Penjelasan responden atas kemampuan Manajer Konstruksi dalam beradaptasi dengan lingkungan sosial ekonomi suatu proyek dapat dilihat pada Tabel 4.17 berikut:

Tabel 4.17. Penjelasan Responden atas Kemampuan Manajer Konstruksi dalam Beradaptasi dengan Lingkungan Sosial Ekonomi Suatu Proyek

Jawaban Jumlah (orang) (%) Sangat mampu sekali 12 27.9

Sangat mampu 17 39.5

Mampu 11 25.6

Kurang mampu 3 7.0

Tidak mampu sekali 0 0

Total 43 100.0

Sumber: Hasil Penelitian, 2012 (Data Diolah)
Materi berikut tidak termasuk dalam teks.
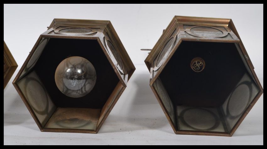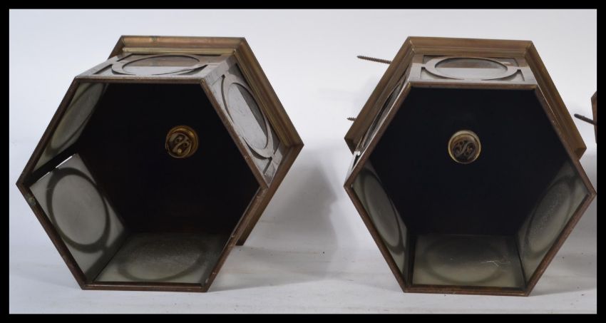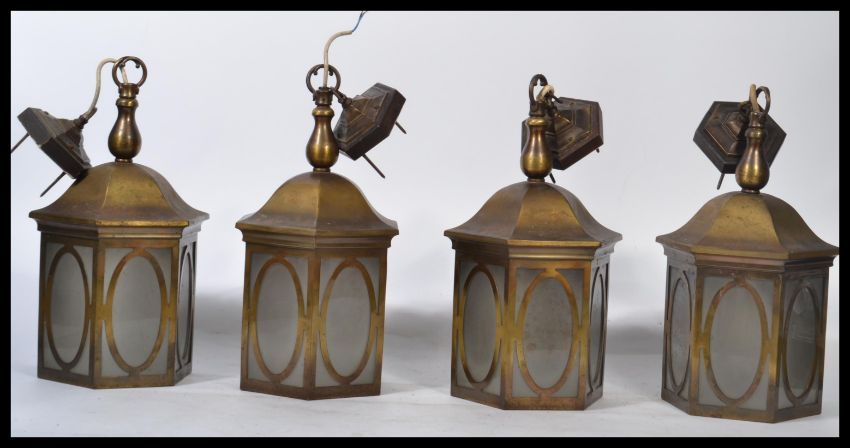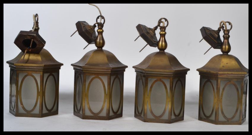 A set of four 20th century Georgian revival Porch lanterns each of hexagonal form with clear glass panels having hooks atop. Measures 43 cm high.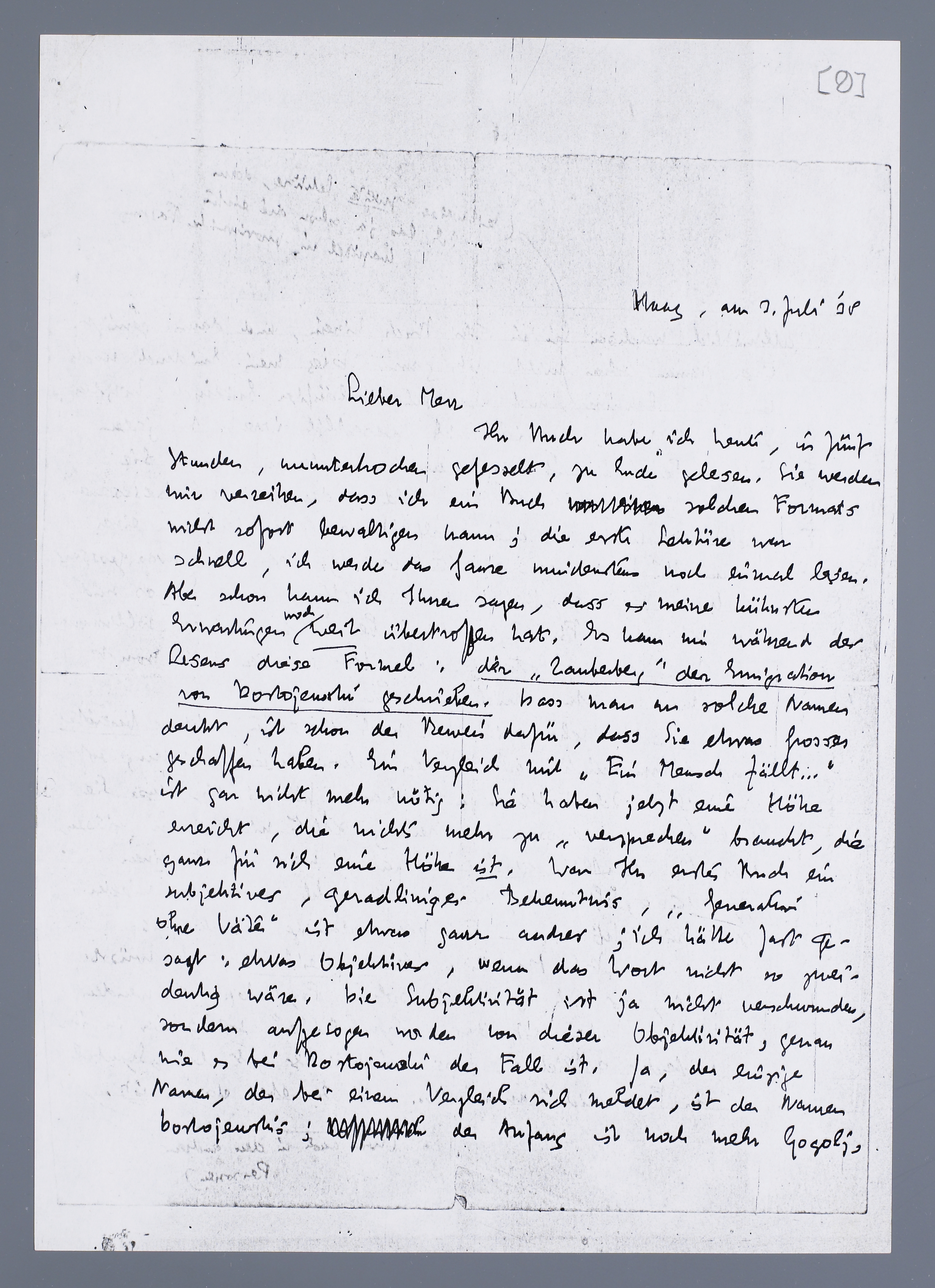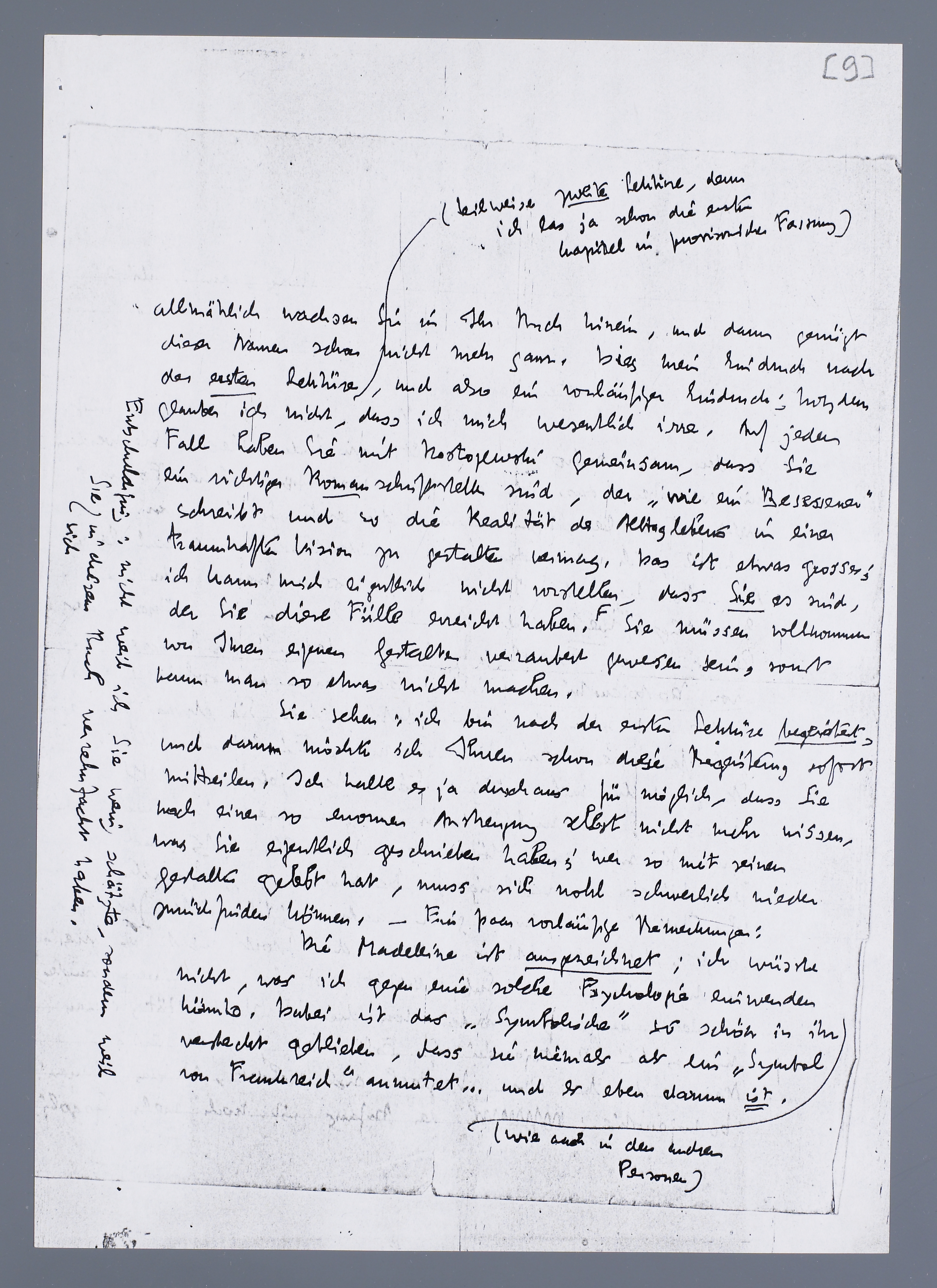 Sie sehen: ich bin nach der ersten Lektüre begeistert, und darum möchte ich Inhnen schon diese Begeisterung sofort mitteilen. Ich halte es ja durchaus für möglich, dass Sie nach einer so enormen Anstrengung selbst nicht mehr wissen, was Sie eigentlich geschrieben haben; wer so mit seinen Gestalten gelebt hat, muss sich wohl schwerlich wieder zurückfinden können.- Ein paar vorläufige Bemerkungen:
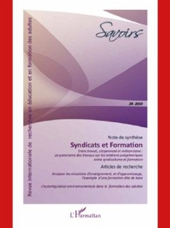 Ce numero met au jour les differentes formes de liens possibles entre syndicalisme et formation. Apres une premiere partie historique, et une seconde institutionnelle, ce volume traite de la formation syndicale ou des dispositifs mis en ?"e;uvre par les organisations syndicales pour permettre aux militants d'exercer leur mandat de la meilleure facon possible, et d'autre part de la place prise par les syndicats dans le developpement d'une politique de formation.
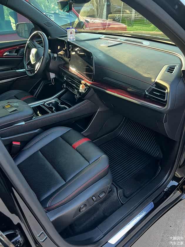 车内采用了新的设计,空间上比较宽敞,提供三排座椅的造型,采用了11英寸的全液晶仪表,还搭载了17.7英寸的悬浮式中控屏幕,采用了怀挡的设计,车内采用了全黑色的氛围,有着运动的设计,配置有HUD抬头显示。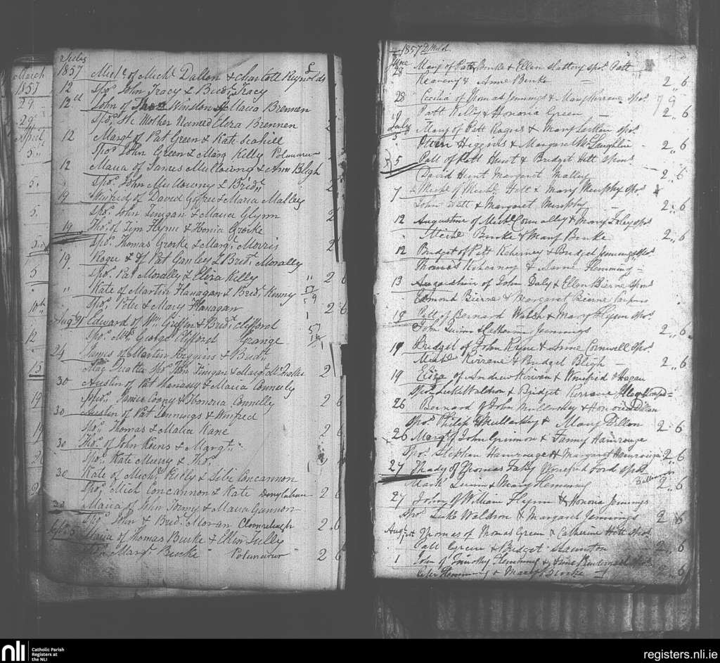 Kiltulla; County of Roscommon; Archdiocese of Tuam. Baptisms, June 1857 to Sep. 1857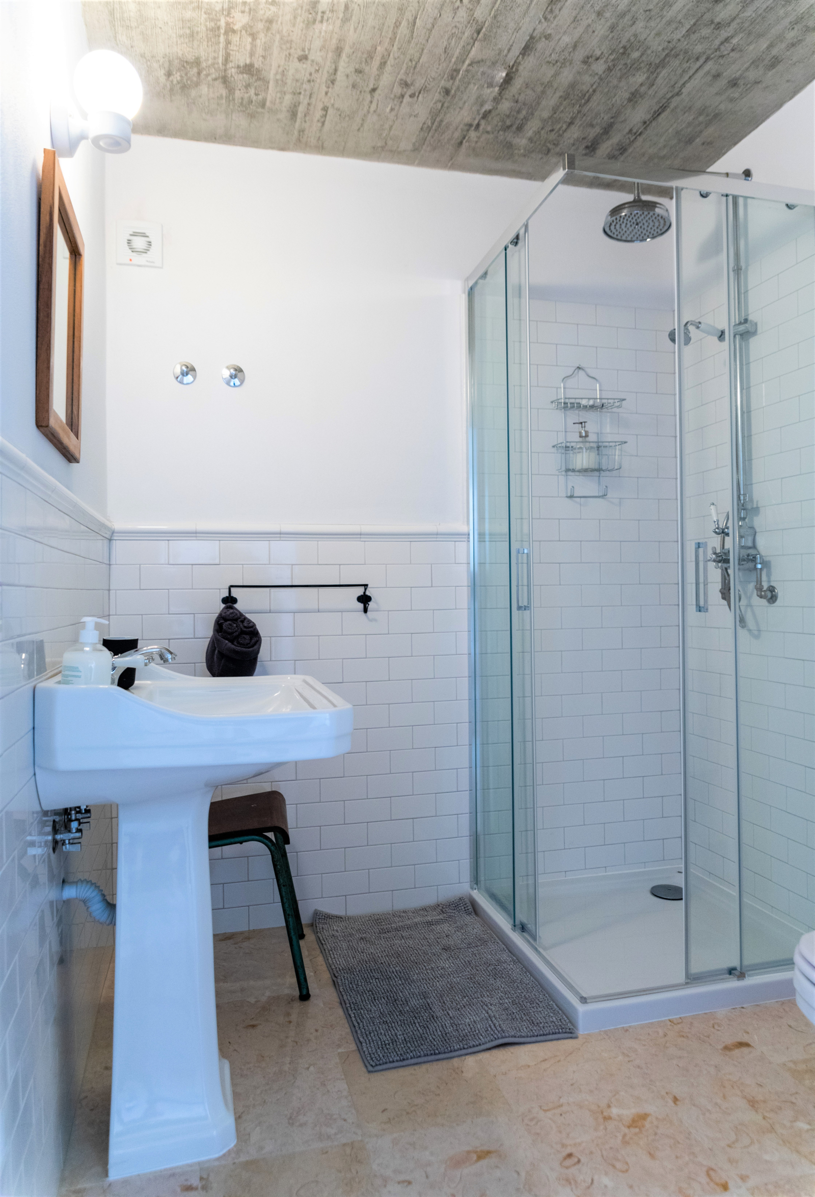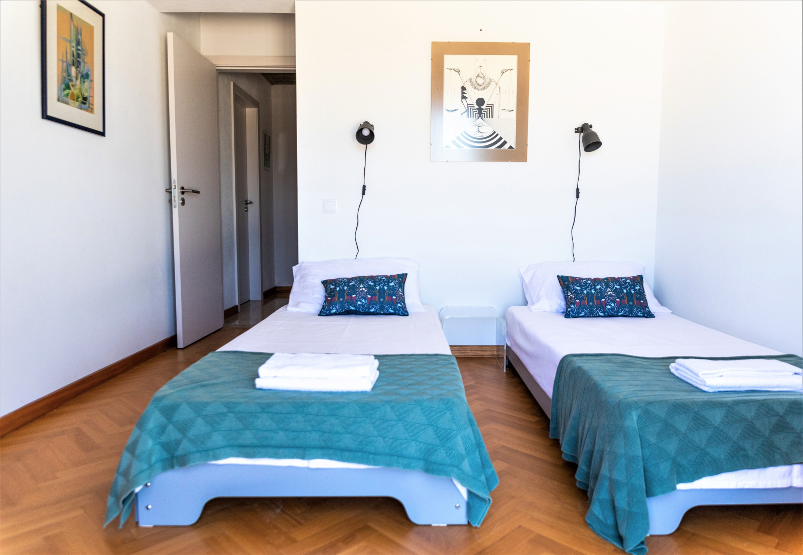 El dormitorio tiene dos cómodas camas individuales, una silla y espacio para colgar / guardar ropa. Al lado hay un baño clásico con azulejos y cabina de ducha.

Berdasarkan Tabel 4.17 di atas menunjukkan mayoritas responden menyatakan sangat mampu atas kemampuan Manajer Konstruksi dalam beradaptasi dengan lingkungan sosial ekonomi suatu proyek. Hal ini dikarenakan lingkungan yang baik akan sangat mendukung penyelesaian suatu pekerjaan. Sedangkan minoritas responden yang menyatakan kurang mampu atas kemampuan Manajer Konstruksi dalam beradaptasi

dengan lingkungan sosial ekonomi suatu proyek dikarenakan Manajer Konstruksi terlalu fokus pada pekerjaan utamanya dalam menyelesaikan suatu proyek dan sedikit mengabaikan keberadaan lingkungan sekitar proyek tersebut.